*Data extract:*
╔══
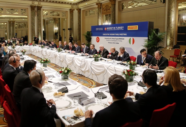 Cumhurbaşkanı Erdoğan, Roma'daki temasları kapsamında, İtalya'nın önde gelen şirketlerin yöneticileriyle yemekte bir araya geldi.
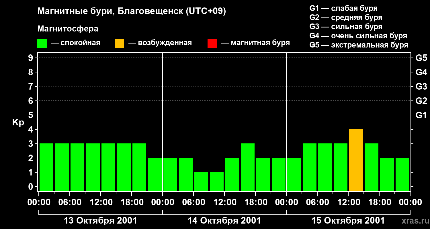 Магнитные бури в Благовещенске — 15 октября 2001 года
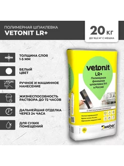 Шпаклевка Ветонит ЛР+ идеально белая на мраморе 20 кг
╚══
*Action item:* Copy out the data verbatim, with no pictures.

*Answer space:*
 Cumhurbaşkanı Erdoğan, Roma'daki temasları kapsamında, İtalya'nın önde gelen şirketlerin yöneticileriyle yemekte bir araya geldi.
 Магнитные бури в Благовещенске — 15 октября 2001 года
 Шпаклевка Ветонит ЛР+ идеально белая на мраморе 20 кг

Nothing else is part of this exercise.